If this sounds like you, you might want to try this. “Relax your shoulders,” says Hughes. “Imagine that you have on your favourite pair of blue jeans and I want you to very slowly take your shoulder blades and slide them down into your back pockets.” This creates a pivot effect, where your chest puffs out, you breathe more easily and your spine is aligned. While holding this, he adds, “whatever muscle is starting to get tired right now, that’s your weak muscle that you need to strengthen”. The longer you hold this posture, he says, the more training those weak muscles will get, eventually enabling them to do their job automatically.
To wake these muscles up in Bob, Hughes gave him an elastic exercise band to hold out in front like handlebars, and then raise above his head. The effect was immediate, with Bob marvelling at his newfound ability to stand up straight. “Your whole perspective changes,” says Hughes, “because now your peripheral vision is better.” Hughes prescribed Bob four weeks of practising his new posture, and briefly repeating some moves with his exercise band every day.
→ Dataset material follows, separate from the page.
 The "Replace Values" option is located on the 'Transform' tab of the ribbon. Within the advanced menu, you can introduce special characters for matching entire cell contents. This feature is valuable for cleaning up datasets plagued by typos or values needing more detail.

While you are working in your garden, allotment or community plot, with your shoulder blades in your back pockets, the next move to master is what Hooper and Hughes call “armchair”, which isn’t as restful as it sounds but could save your back when you are bending or lifting. “If you spread your feet, you’re automatically closer to the ground,” says Hughes. “Everything drops down, and when you bend, your knees and butt stick out and you come down into a good squat base.” Then you rest your arms on your legs. “Now your lower back isn’t holding your body up. If you apply that to the next eight hours, your back will be your best friend at the end of the day.”
When you use one arm for weeding or sowing, you can keep the other supporting arm resting on its leg, but switching arms is crucial. Hughes says it is essential to train your nondominant hand to do its fair share of the work. Not only will this spread the load on your arms and shoulders, but “you’re going to be balanced with your twisting; you’re starting to balance out your torso”. Similarly, if you’re on a ladder, he says: “Turn it around, so now you’re twisting the other way.”
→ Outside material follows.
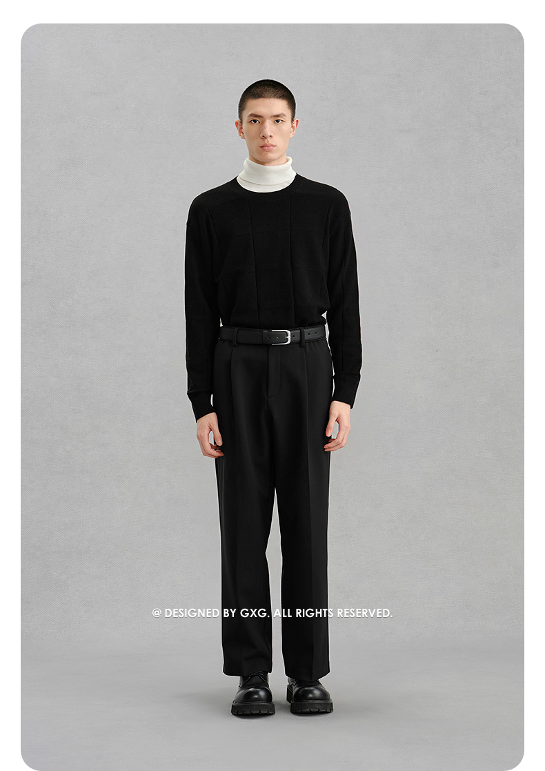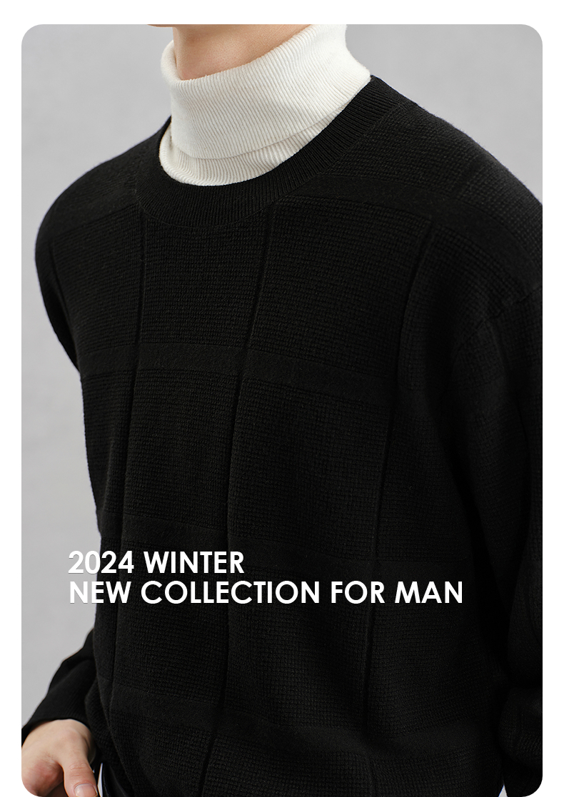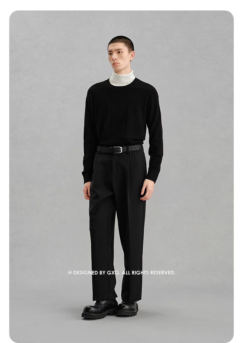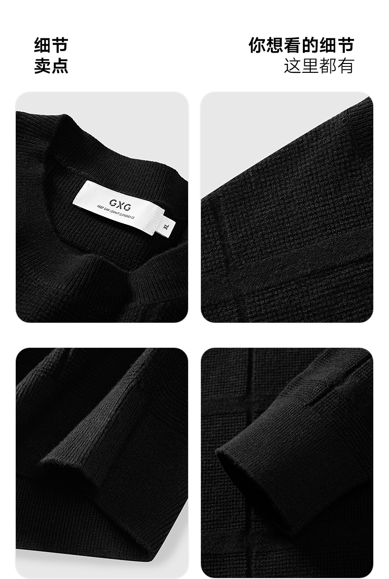 GXG男装黑色低领毛衣男士通勤打底衫 24年冬G24X204045

Balance reappears in the pair’s final top tip, which they call the “seesaw” and involves, again, being more aware of your body while you are working. If you are reaching your arm out while holding heavy clippers, you need to counter that weight by holding the shoulder blade down, so that, says Hughes: “You can match the pressure here with the pressure there, like a little seesaw bounce effect.”
Hooper says that within four weeks of integrating Hughes’s fixes into her life, healthier habits had embedded themselves and she started to feel better. “After six weeks, I never had pain again from gardening.
“I wish I had learned this when I first started to garden,” says Hooper. In all the gardening courses and books she has completed, she says, “nobody teaches this”.